SCOTT PETERSON---GUILTY!!!

We don't know for sure he will be separated (country club prison) or he will be in the big house. I hope he will be in the big house. Big boys don't like people like Scott. I HOPE he will be in the big house. Not every HIGH profile cases/murderers are in a separated prison. Take serial killers for example, MOST of them are in a maximum security prison with the rest of the guys. Edmund Kemper is in a regular maximum security prison. He's EXTREMELY tall, 6'8" so I don't think too many guys would screw around with him. Charles Mason is VERY small, about 5'1, 5'2". David Berkowitz is in a regular maximum security and he was a high profile as well. I think a lot of people are too lenient nowdays. Prison is about punishment, PERIOD. I love that warden in Arizona, he makes his prisoners work in the field in pink underwears. He doesn't allow tv, gym or anything. He makes them work. That's the way it should be.

I think too many people got rich from OJ's case. I think the whole case was a mockery if you ask me. Even the prosecutors were stupid. The police was somewhat stupid. At least no one else died in OJ's hands we know of.

About the press, I agree they should ignore but I don't agree they should ignore. It depends on the situation. If a serial killer is on the loose, they should announce it just for people's safety. If they mention the evidences, etc in the paper, then that is WRONG. The police shouldn't say that. Serial killers are extremely intelligent so they get away with A LOT. Baby killers like Peterson is a moron. I don't really pay attention to what the press says about a lot of things because who knows if the press is telling the truth about so-so, etc. SMART cops do not explain the case or the findings because it ruins everything. Smart cops will say Yes, there's a nut on the loose, etc. Unfortunately a lot of cops want a circus around. Ruins a lot of things in my opinion.
 
oops ... sorry ... had a brain blip. Didn't mean to post here.

Carol
:)
 
There has been quite a bit of speculation whether he will get the death penalty or life in prison. The experts believe he will get life in prison since this is his first offense. However, David Westerfield received the death penalty after killing Danielle Van Dam in San Diego and this was his first offense. so, who knows?

I wish I wasn't on travel this week as my local news discusses this case daily since the Peterson family lives in the San Diego area.

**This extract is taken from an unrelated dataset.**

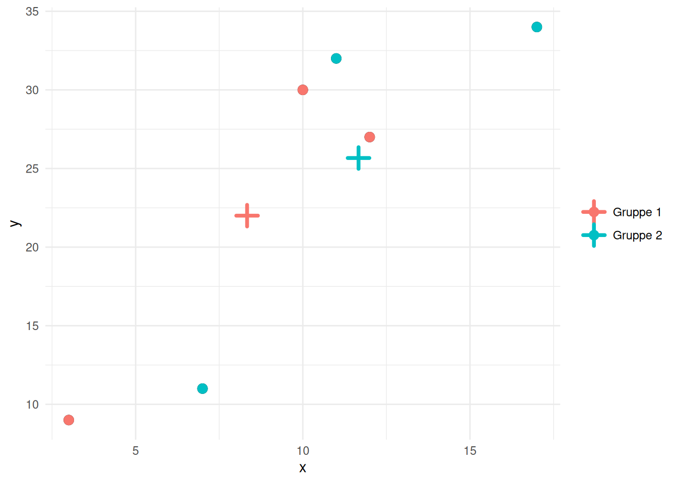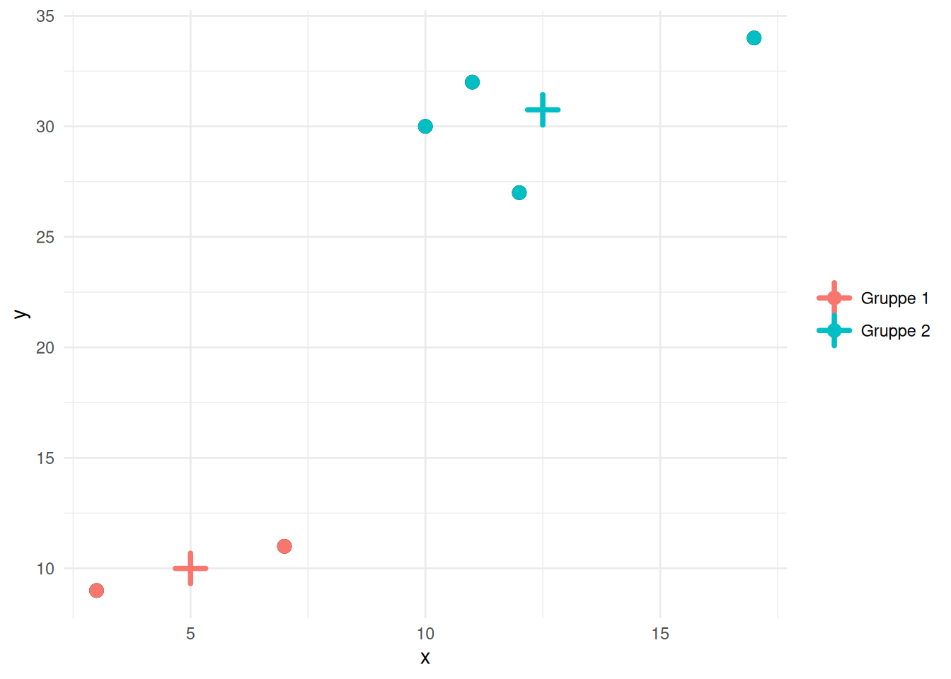 Midterpunktet for den anden gruppe har så koordinatsæt \((12.5, 30.75)\).

It will be interesting to see who does and doesn't speak during the penalty phase.

Lorrayne
 
>I wish I wasn't on travel this week as my local news discusses
>this case daily since the Peterson family lives in the San
>Diego area.
>
>Lorrayne

Hi Lorrayne,

http://www.courttv.com usually has info on this case daily. I check it all the time. :) There's an evidence gallery, complete file coverage...everything. They even had all the recorded phone conversations between Scott and Amber Frey you could listen to, by date and in order.

Have a good week!
 
It's interesting that it appears this guy has no past behavioral problems. At least I haven't heard of any. You just don't wake up one day and decide to kill your wife and unborn child and then act quite cool about it afterwards.

This guy must have an anti-social personality but by all accounts, he and Lacy were "HAPPY". I don't buy it.

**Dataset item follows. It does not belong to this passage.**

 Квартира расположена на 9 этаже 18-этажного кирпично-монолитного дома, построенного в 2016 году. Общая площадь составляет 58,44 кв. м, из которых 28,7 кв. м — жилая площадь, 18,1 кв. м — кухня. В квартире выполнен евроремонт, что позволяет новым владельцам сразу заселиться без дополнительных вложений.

It's just good he'll be off the streets.
 
A fairly somber statistic: according to one study approximately 1200 women per year are murdered by their current or former intimate partners (married or not). And in the work that I do (prosecution of domestic violence crimes) I routinely see that pregnancy very often has the effect of triggering more intense violence by the intimate partner on the woman.

One of the TV journalists after the Peterson verdict was announced predicted that Peterson would not get the death penalty because, interestingly, domestic violence murders are deemed less serious than, say, parental murders of children or stranger murders.

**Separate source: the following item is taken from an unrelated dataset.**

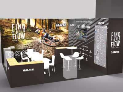 Il design dello stand Galfer a Eurobike è ispirato alla nuova campagna “Find your Flow” con l’immagine del famoso pilota Gee Atherton, fondatore del suo brand di biciclette: Atherton Bikes. Per tutto il 2023 Galfer sarà sponsor del team Atherton Racing che gareggia nella Coppa del mondo UCI DH con Andreas Kolb, Rachel Atherton, Charlie Hatton e Dom Platt.

I too predict that Peterson will get life in prison - and I predict that scores of women will want to become his next wife.

Life's a funny old dog sometimes.

A-Jock
 
AJ

But to be so cold and removed of such a violent act afterwards. Do you also see that kind of behavior?
 
"We don't know for sure he will be separated (country club prison) or he will be in the big house. I hope he will be in the big house. Big boys don't like people like Scott. I HOPE he will be in the big house. Not every HIGH profile cases/murderers are in a separated prison. Take serial killers for example, MOST of them are in a maximum security prison with the rest of the guys."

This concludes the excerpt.